Даже на приемах подполковник Джон Эбахон бывал не в парадном мундире – красном, шитом золотом, как остальные офицеры, ставшие во главе Гвиании после недавнего переворота, а в обычной форме командос – мешковатой и пятнистой. Куртка всегда была полурасстегнута, и белоснежная шелковая майка резко контрастировала с чернотой его груди.
Свободные пятнистые брюки были аккуратно заправлены в высокие грубые солдатские ботники с боковой шнуровкой, концы шнурков тщательно убраны внутрь. На широком ремне гип-попотамовой кожи висела кобура, из которой торчала отделанная серебром рукоятка кольта – единственная роскошь, которую позволял себе этот человек, миллионер и сын миллионера.

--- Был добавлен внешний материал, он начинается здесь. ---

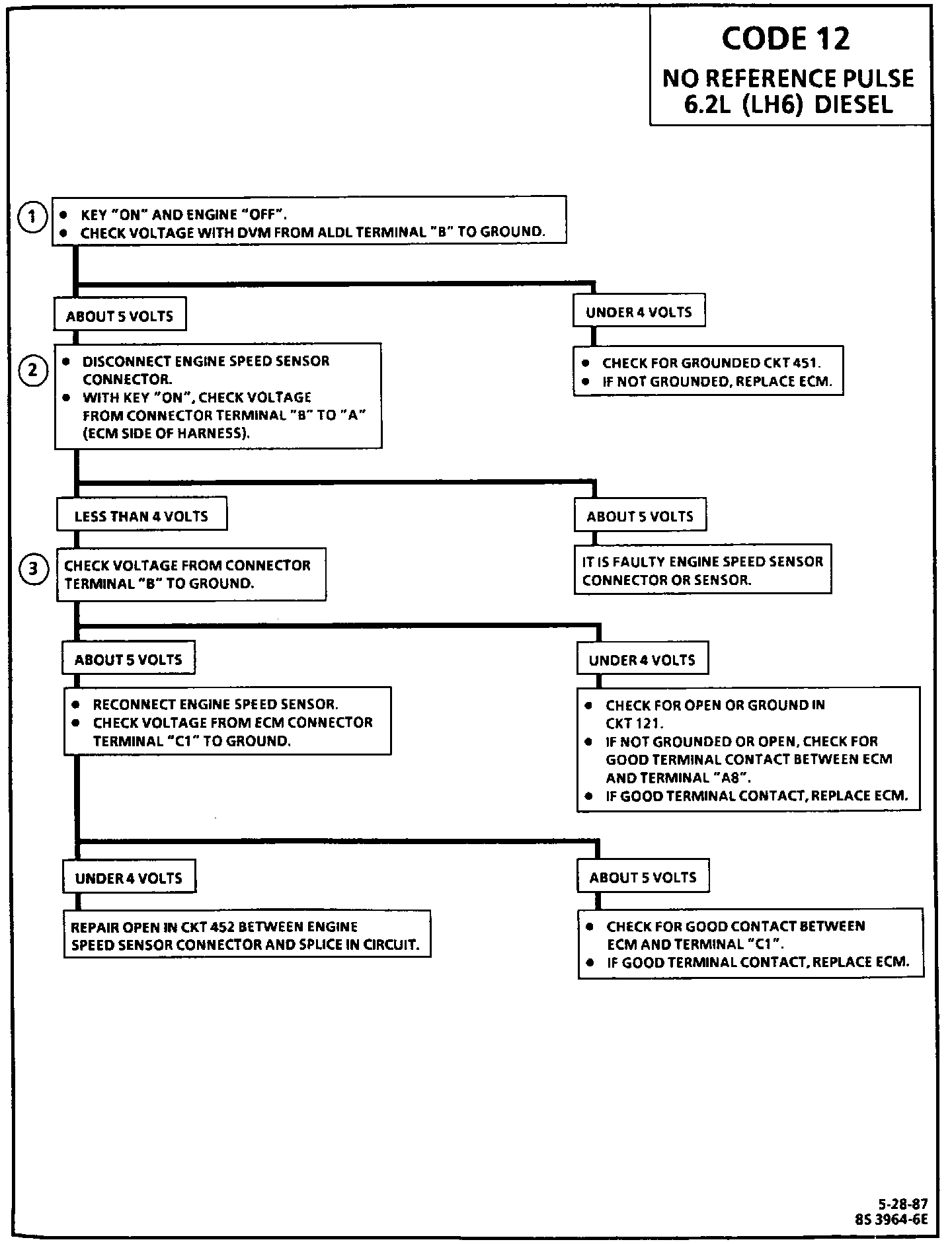 1. Check for a good 5 volt reference. Normally, the ECM should he at about 5 volts for fully charged batteries.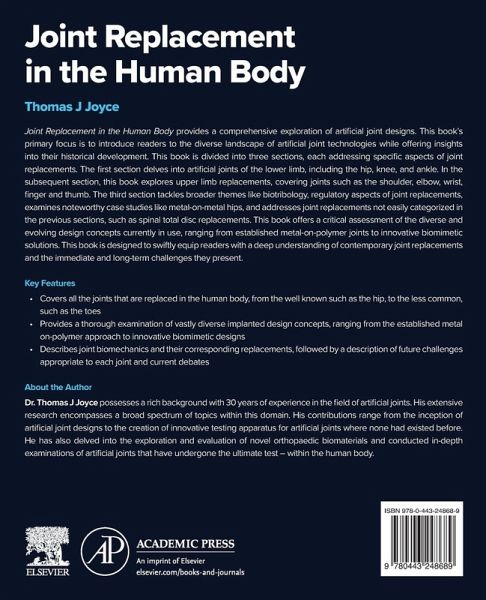 Joint Replacement in the Human Body provides a comprehensive exploration of artificial joint designs. The book's primary focus is to introduce readers to the diverse landscape of artificial joint technologies while offering insights into their historical development. This book is divided into three sections, each addressing specific aspects of joint replacements. The first section delves into artificial joints of the lower limb, including the hip, knee, and ankle. In the subsequent section, the book explores upper limb replacements, covering joints such as the shoulder, elbow, wrist, finger, and thumb. The third section tackles broader themes like biotribology, regulatory aspects of joint replacements, examines noteworthy case studies like metal-on-metal hips, and addresses joint replacements not easily categorized in the previous sections, such as spinal total disc replacements. This book offers a critical assessment of the diverse and evolving design concepts currently in use, ranging from established metal-on-polymer joints to innovative biomimetic solutions. This book is designed to swiftly equip readers with a deep understanding of contemporary joint replacements and the immediate and long-term challenges they present.

Его отец, Антони Эбахон, глава самой влиятельной и богатой в округе семьи, долгое время был директором государственного банка, и его уверенная подпись до сих пор красовалась на банкнотах Гвиании. Но он отошел от дел и вскоре после этого умер, оставив многочисленные доходные дома, бескрайние плантации сахарного тростника, гевеи и какао, пять пароходов и доли во многих предприятиях единственному сыну, избравшему вопреки прекрасному европейскому образованию, логике и отеческим увещеваниям военную карьеру.

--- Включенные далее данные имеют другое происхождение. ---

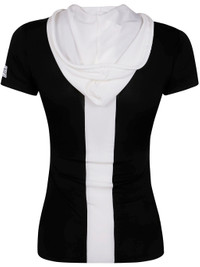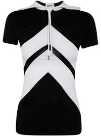 Jean Paul Gaultier Women Viscose Baby Tee Shirt With Inlaid Chevron, "Gaultier" Patch Detail And Hoo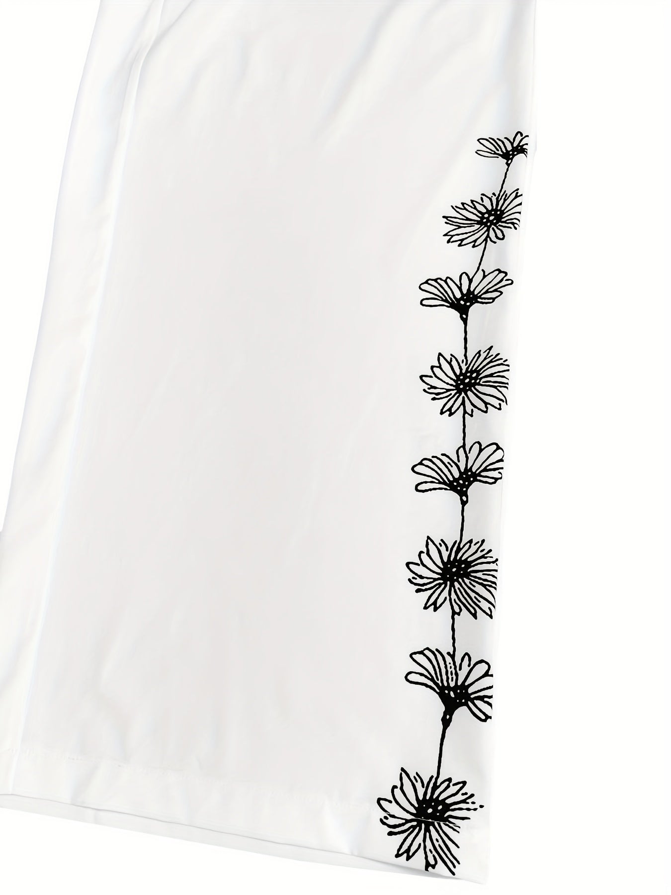Pantalones harem de talla grande para mujer con estampado de diente de león en negro y bolsillos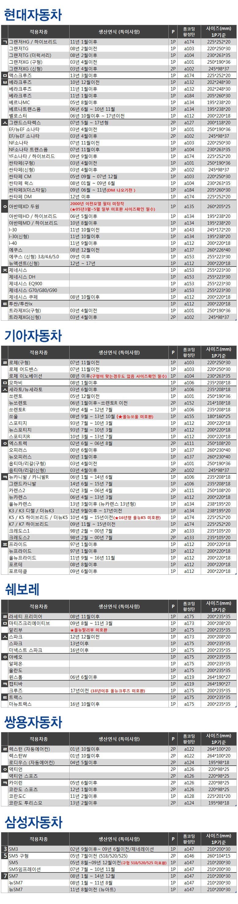 | 제조국 | 대한민국 | 크기 | 차종별 상이 |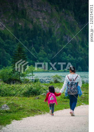 Mother Daughter holding hands and trekking Konigssee Lake in Bavaria Germany with Church by the Lake White Boat Forested Mountain and Beautiful Sunny Trekking in Berchtesgaden German Alps. High
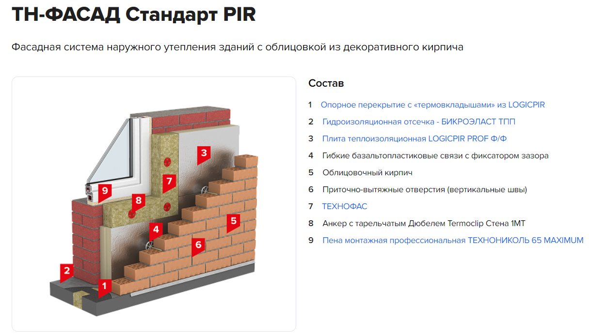 Примеры применения: в системе ТН-ФАСАД Стандарт PIR плиты LOGICPIR PROF Ф/Ф используются как внутренний теплоизоляционный слой в трехслойной (слоистой) кладке.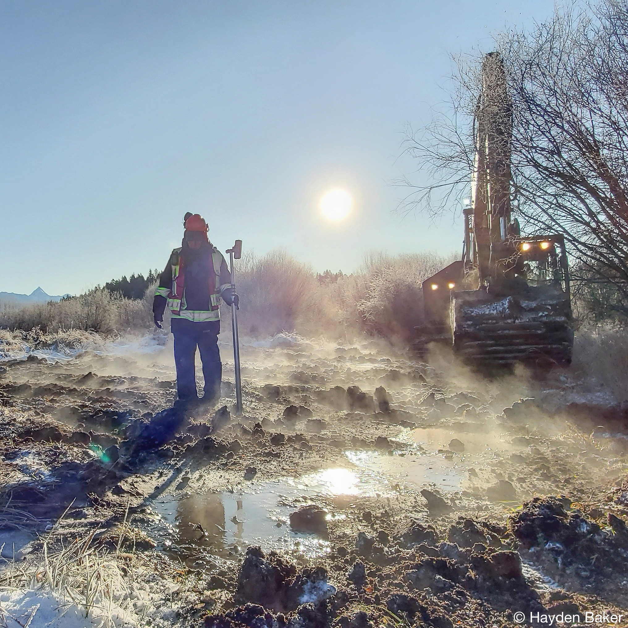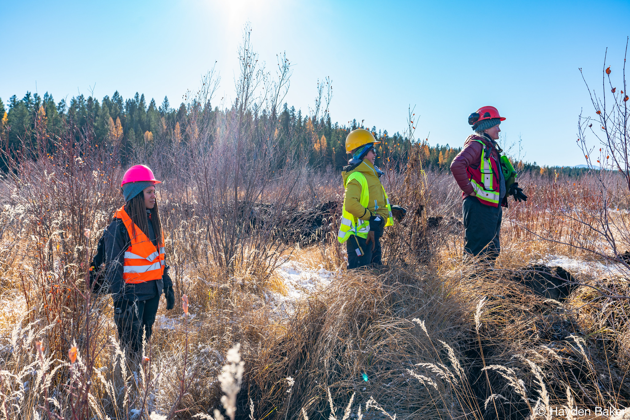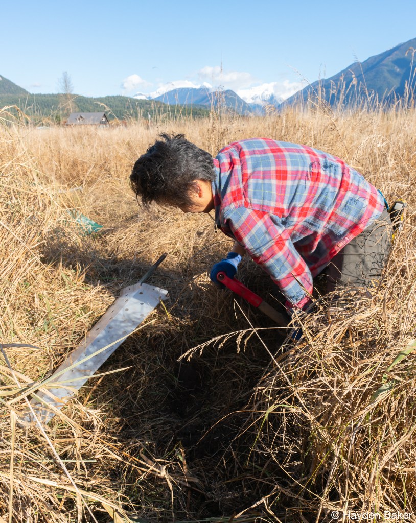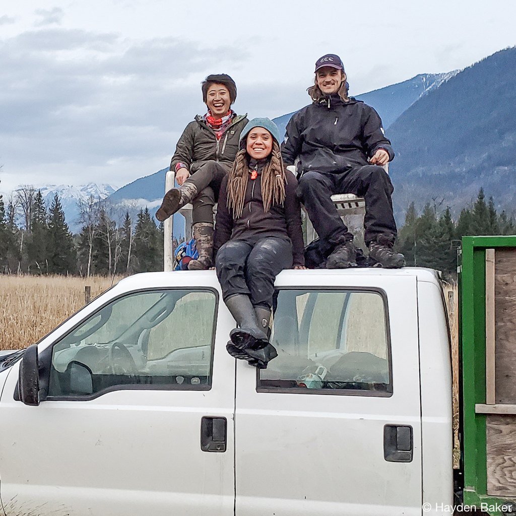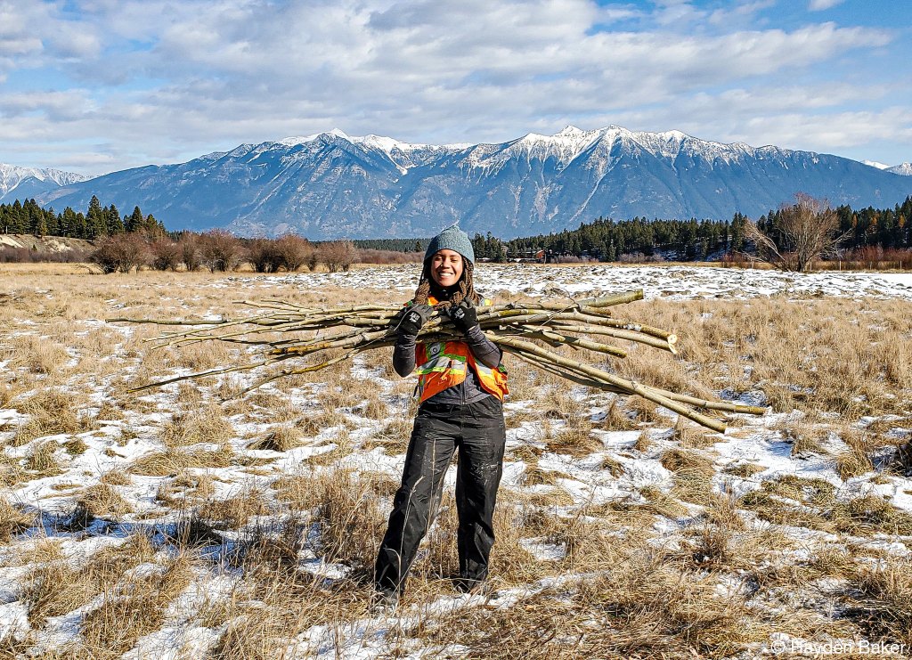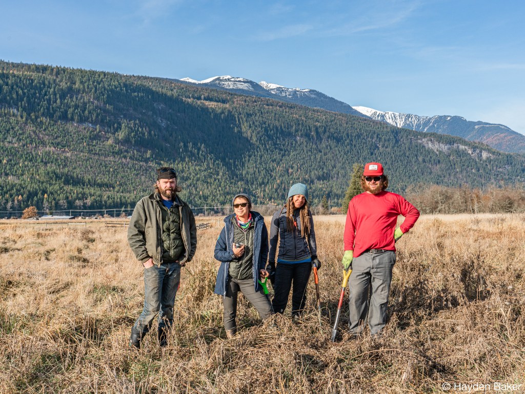 The next stop on this whirlwind tour was Sparrowhawk farm, a scenic private property just outside of Kimberley, B.C. With the beautifully snow-capped Rocky Mountains as our backdrop, we started a 5-day restoration project in what would quickly become frigid winter conditions, with temperatures dipping down to -21°C! This presented us with some unique challenges, which included frozen ground, a near white-out as a short-lived snow system moved through the valley, and one incident where one team member fell through the ice into one of the wetlands. Our team member was okay and he was able to get warm and dry quickly.

Поддержка военного переворота дала полковнику Эбахону пост губернатора родной провинции, где был похоронен его отец и где целые районы оказались пропитанными, словно бисквит ромом, «черным золотом», – нефтью, главным богатством всей Гвиании.

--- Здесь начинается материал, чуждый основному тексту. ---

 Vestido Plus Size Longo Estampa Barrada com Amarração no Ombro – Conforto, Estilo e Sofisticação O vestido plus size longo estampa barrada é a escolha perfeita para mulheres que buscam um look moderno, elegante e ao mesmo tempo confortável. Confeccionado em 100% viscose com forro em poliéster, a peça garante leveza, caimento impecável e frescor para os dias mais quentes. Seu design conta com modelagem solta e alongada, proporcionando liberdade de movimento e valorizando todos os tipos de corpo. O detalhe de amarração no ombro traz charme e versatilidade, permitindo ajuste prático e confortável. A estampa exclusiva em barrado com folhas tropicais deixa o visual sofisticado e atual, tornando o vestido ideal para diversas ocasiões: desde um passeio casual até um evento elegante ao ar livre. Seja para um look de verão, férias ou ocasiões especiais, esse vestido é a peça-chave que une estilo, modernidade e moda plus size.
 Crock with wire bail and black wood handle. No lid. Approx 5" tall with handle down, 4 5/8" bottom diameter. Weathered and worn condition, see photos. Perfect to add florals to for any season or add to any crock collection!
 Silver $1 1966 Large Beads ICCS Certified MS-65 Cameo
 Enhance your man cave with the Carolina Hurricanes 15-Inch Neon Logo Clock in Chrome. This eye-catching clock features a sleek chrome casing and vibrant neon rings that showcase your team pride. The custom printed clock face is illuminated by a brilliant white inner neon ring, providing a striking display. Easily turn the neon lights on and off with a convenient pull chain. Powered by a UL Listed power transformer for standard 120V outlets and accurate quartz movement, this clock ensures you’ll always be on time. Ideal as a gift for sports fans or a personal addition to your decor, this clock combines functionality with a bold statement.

– Садитесь, садитесь! – Рука губернатора легла Николаеву на плечо, и сам он подал пример гостю, опустившись в кресло. – Виски? Отлично! В такую погоду…
Подполковник зябко повел плечом.
– Лондонцы ругают свою погоду, но проторчали бы они здесь хотя бы один дождливый сезон… А что в России? Говорят, морозы – это даже очень полезно. Один из моих родственников учится в Москве – и ходит на лыжах! Это здорово!
Эбахон неторопливо наполнил стакан.
– Чиерс!
– Чиерс! – ответил Петр.
Губернатор пил медленно, полузакрыв глаза. «Интересно, зачем все-таки он меня вызвал?» – думал Петр. Этот вопрос он задавал себе с того момента, как два часа назад в его комнату в отеле «Эксельсиор», лучшем отеле Уарри, городка на берегу Бамуанги, постучал элегантный лейтенант и сообщил, что ему приказано доставить русского журналиста мистера Николаева к губернатору провинции. Немедленно.
Управляющий отелем, сопровождавший офицера, тщетно пытался скрыть свой испуг: губернатор славился крутым нравом…
– А вы любите музыку? – неожиданно прервал мысли Петра губернатор. В черных выпуклых глазах подполковника светилось любопытство. Петр кивнул.
– Я так и знал. Все русские любят классическую музыку и прекрасно играют в шахматы, – улыбнулся подполковник и поднес стакан виски к своим полным, резко очерченным губам.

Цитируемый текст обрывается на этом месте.